Nick X Wang et al. Mol Pharm. 2013.

Abstract

5P12-RANTES is a recently developed chemokine analogue that has shown high level protection from SHIV infection in macaques. However, the feasibility of using 5P12-RANTES as a long-term HIV prevention agent has not been explored partially due to the lack of available delivery devices that can easily be modified for long-term release profiles. Glycosaminoglycans (GAGs) have been known for their affinity for various cytokines and chemokines, including native RANTES, or CCL5. In this work, we investigated used of GAGs in generating a chemokine drug delivery device. Initial studies used surface plasmon resonance analysis to characterize and compare the affinities of different GAGs to 5P12-RANTES. These different GAGs were then incorporated into drug delivery polymeric hydrogels to engineer sustained release of the chemokines.
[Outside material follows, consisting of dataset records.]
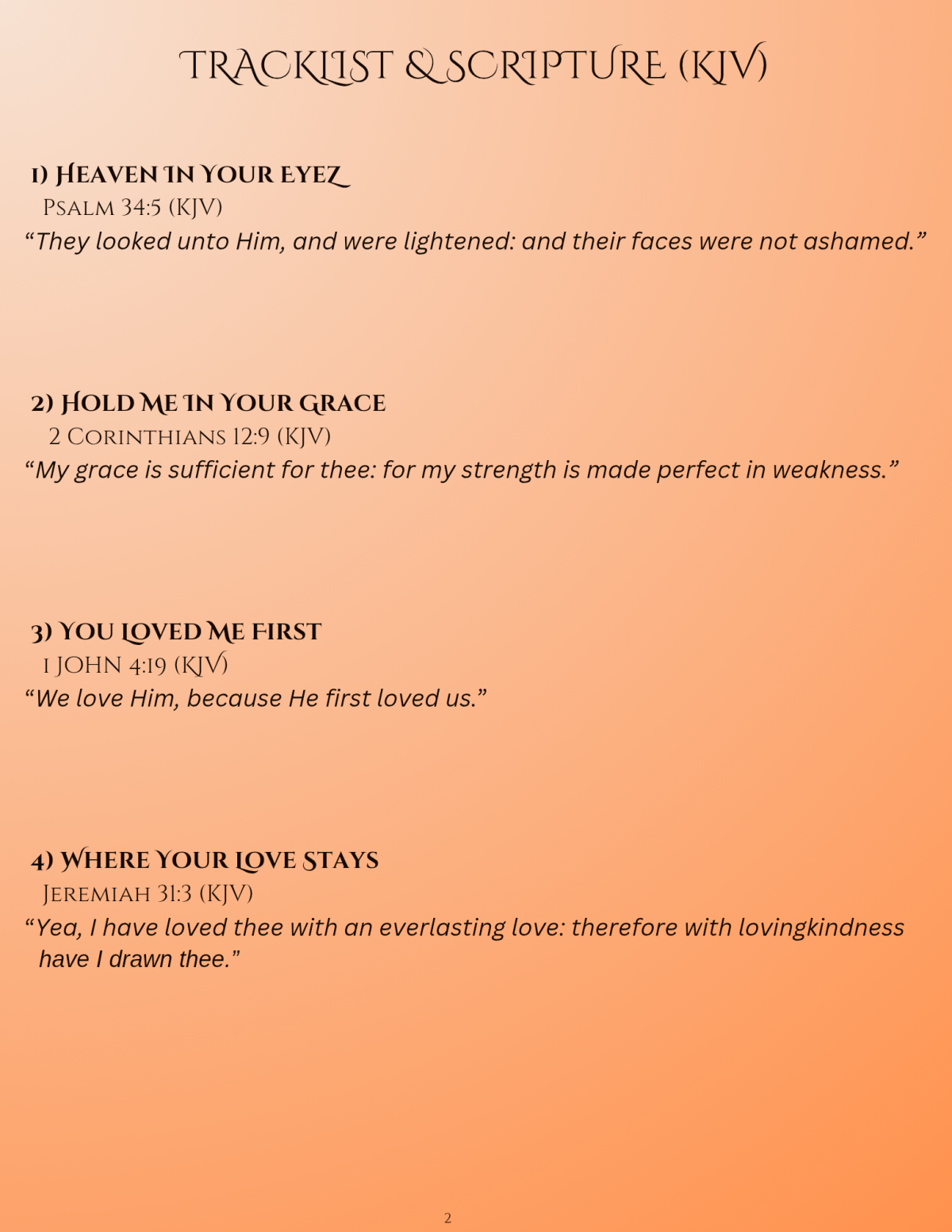 As you listen and read, this faith-based worship album is designed to help quiet your mind, strengthen your faith, and remind you of God’s presence in every season. The music and booklet work together to encourage reflection, prayer, and spiritual grounding.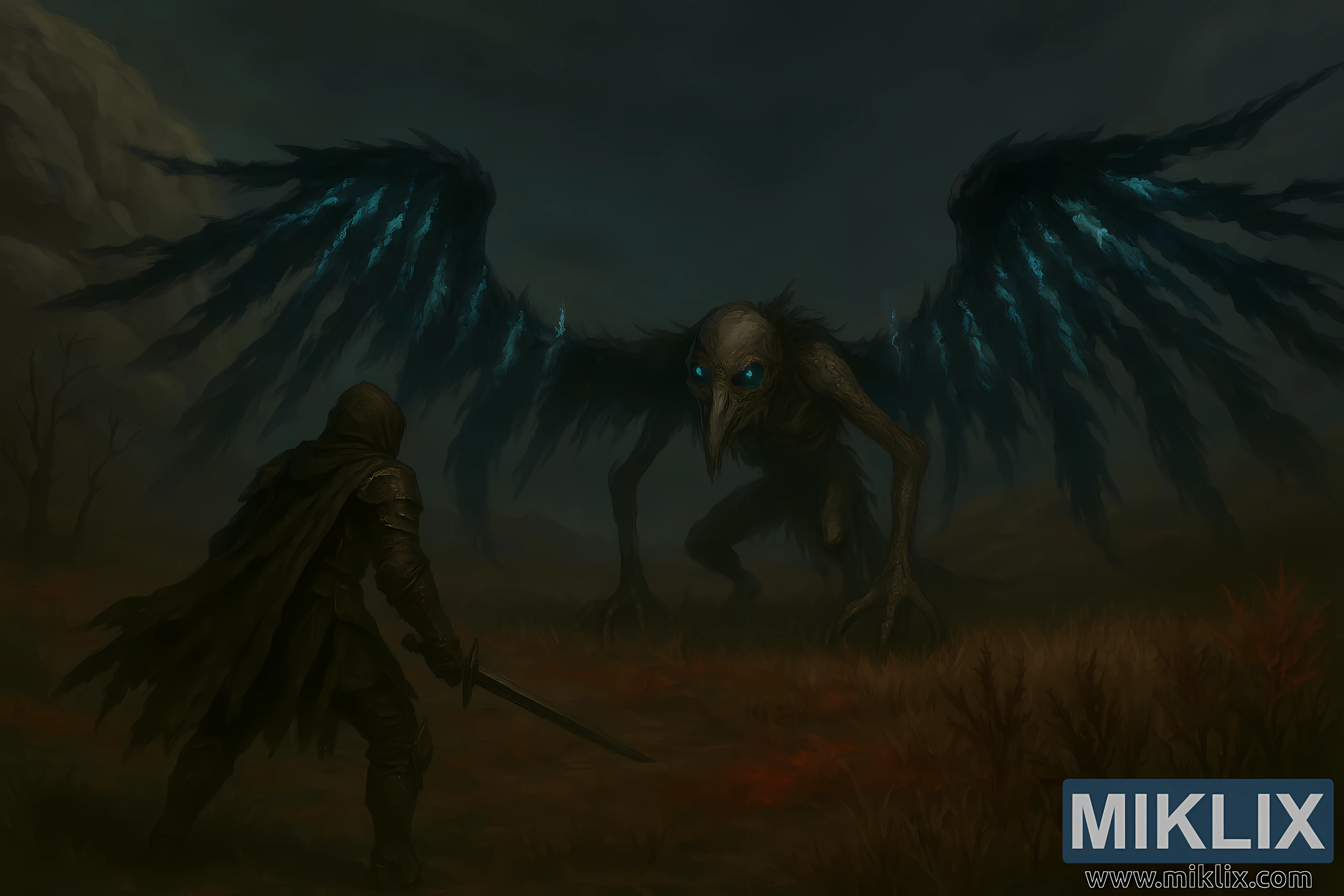 Opposite him looms the Death Rite Bird, a grotesque and skeletal avian creature with a gaunt, corpse-like body. Its elongated skull-like head features glowing, icy blue eyes that pierce through the gloom. The creature’s wings are vast and jagged, composed of tattered black feathers that crackle with streaks of blue-white magical energy, resembling lightning bolts. These ethereal streaks arc outward, casting ghostly illumination across the battlefield. Its limbs are long and bony, ending in talons that dig into the brittle, reddish-brown grass.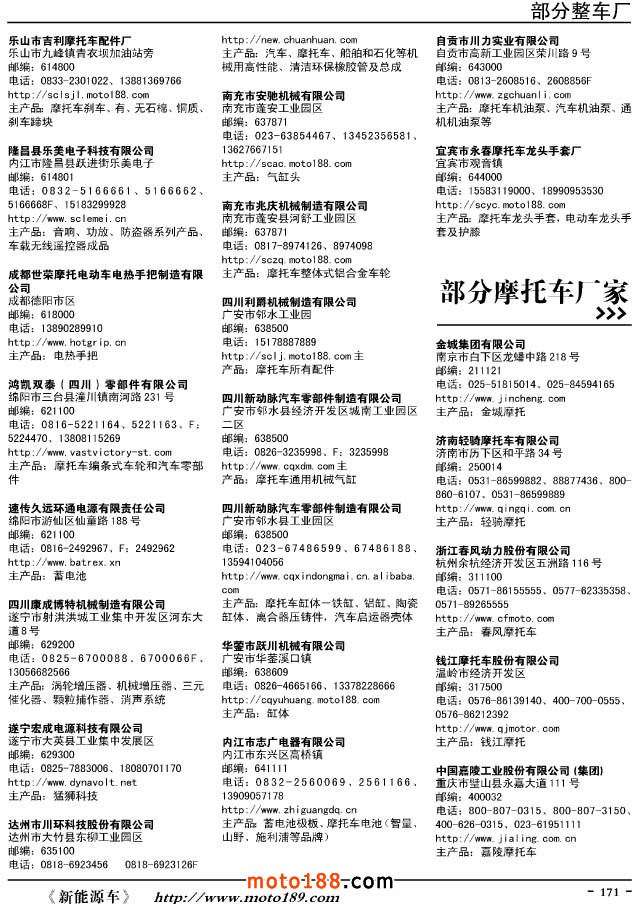 這兩年行業(yè)調(diào)整力度非常大,為了確保我們提供的信息準(zhǔn)確性,我們本著寧缺毋濫的原則,不去圖虛的數(shù)量。目前摩托車與配件行業(yè)的不少經(jīng)銷商是跨行業(yè)經(jīng)營的,所以我們?cè)诒緯性黾恿瞬糠帜ν熊囌噺S、電動(dòng)車生產(chǎn)廠、機(jī)動(dòng)三輪車制造廠。所選的這些企業(yè)都是這個(gè)行業(yè)具有影響力的品牌企業(yè),是為了大家在使用這本書時(shí),獲取相關(guān)的延伸產(chǎn)業(yè)更多的實(shí)用信息。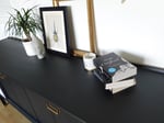 Painted in black with a vertical effect on the front and sealed with layers of varnish to protect.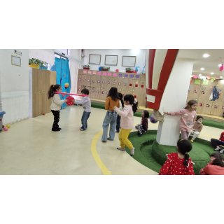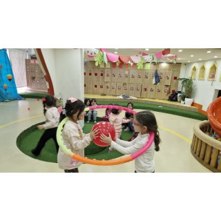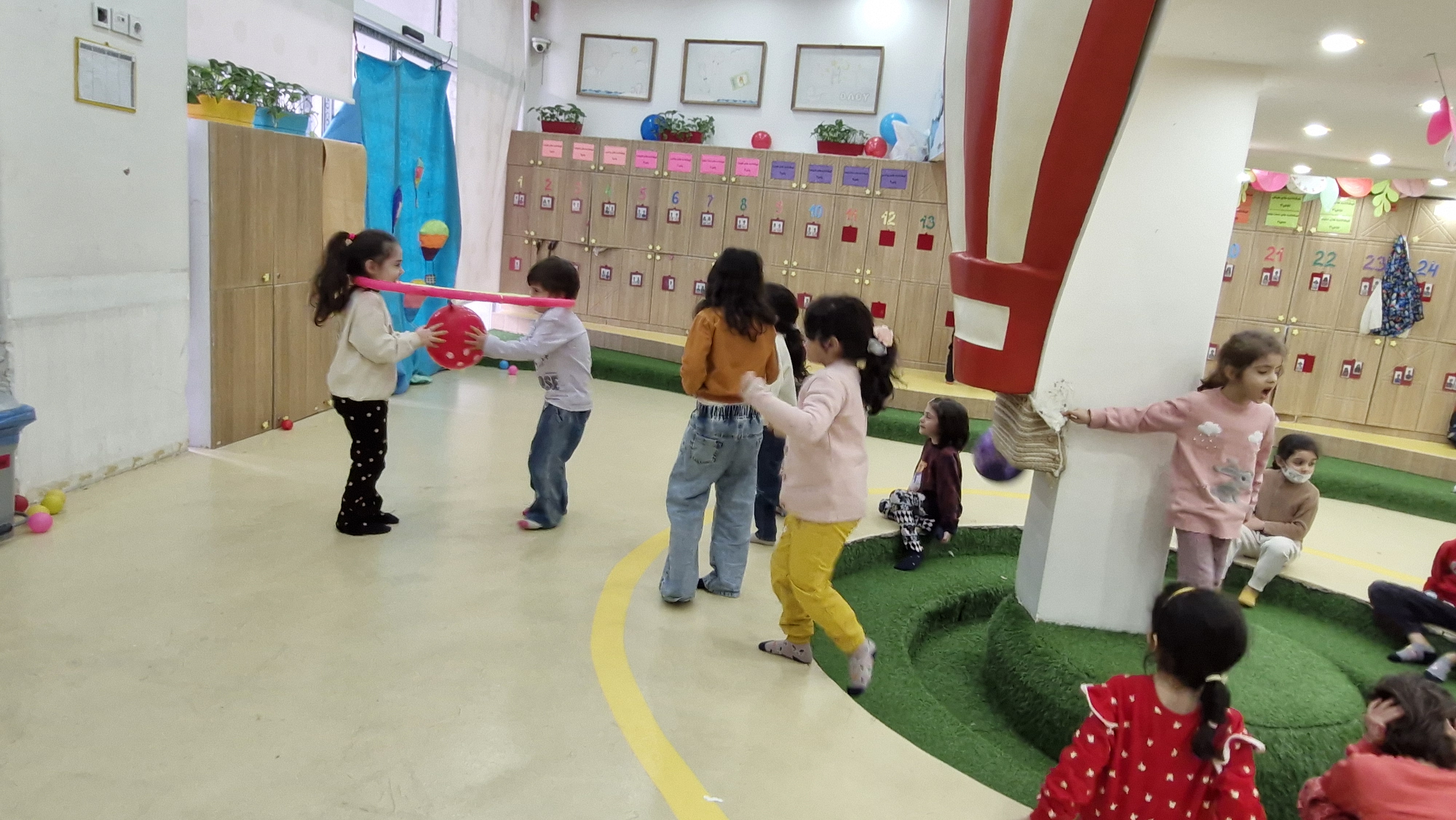 بچهها دوتایی در داخل هولاهوپ هستند... باید با همدیگه راه رفته و بادکنک را به مقصد برسانند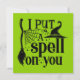 Ce design classique d'Halloween présente la phrase effrayante "Je t'ai jeté un sort" dans une police audacieuse inspirée du gothique. La palette de couleurs noir et blanc renforce l'atmosphère sinistre, ce qui rend le design parfait pour la saison d'Halloween. Le texte est accompagné d'éléments emblématiques de sorcière, notamment un chapeau pointu de sorcière, un balai, une toile d'araignée et une petite araignée, le tout agencé pour créer une composition ensorcelante. Les détails subtils de points autour du texte ajoutent une touche de charme magique.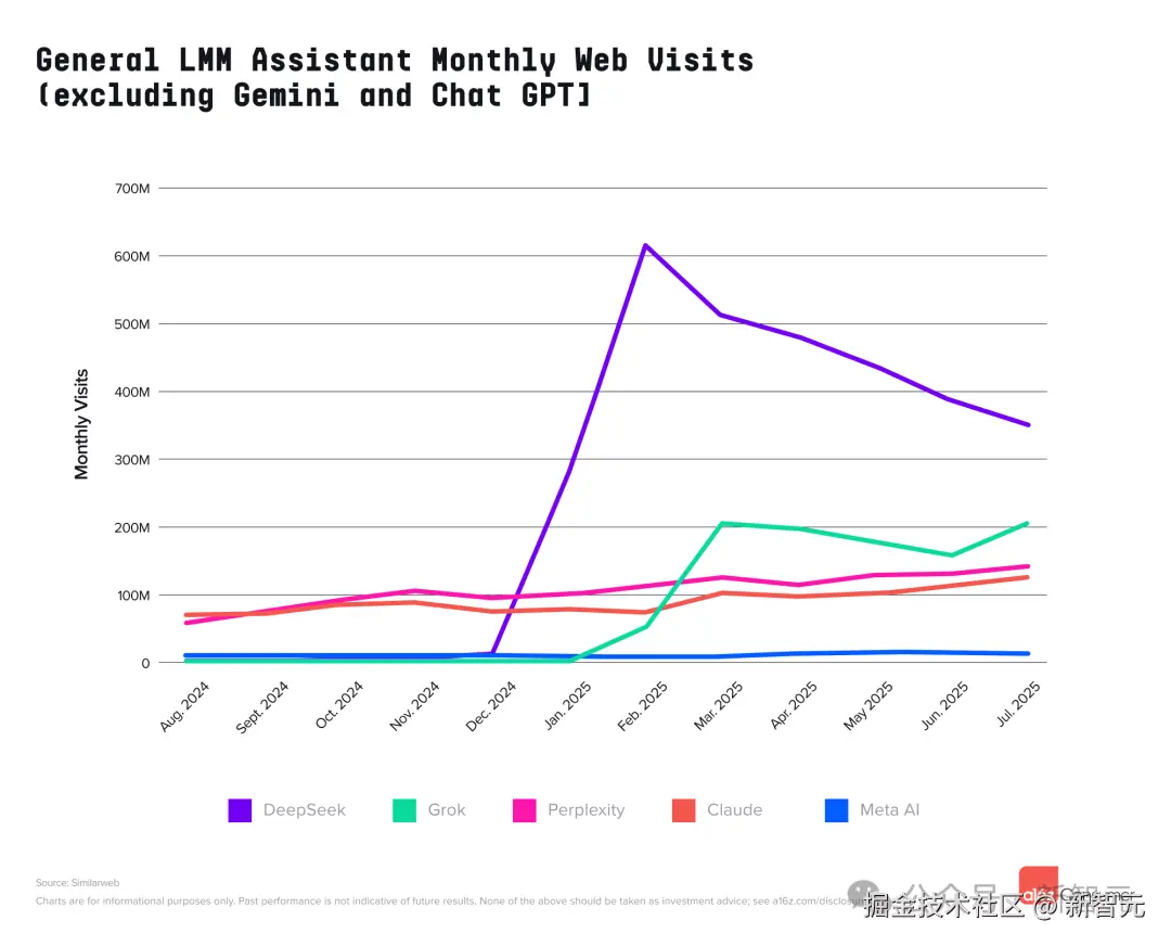 Perplexity 则与 Grok 一道,持续展现强劲的增长势头。

In vitro release studies of 5P12-RANTES from the resulting polymers were performed, and we found that 5P12-RANTES release from these polymers can be controlled by the amount and type of GAG incorporated. Polymer disks containing GAGs with stronger affinity to 5P12-RANTES resulted in more sustained and longer term release than did polymer disks containing GAGs with weaker 5P12-RANTES affinity. Similar trends were observed by varying the amount of GAGs incorporated into the delivery system. 5P12-RANTES released from these polymers demonstrated good levels of CCR5 blocking, retaining activity even after 30 days of incubation.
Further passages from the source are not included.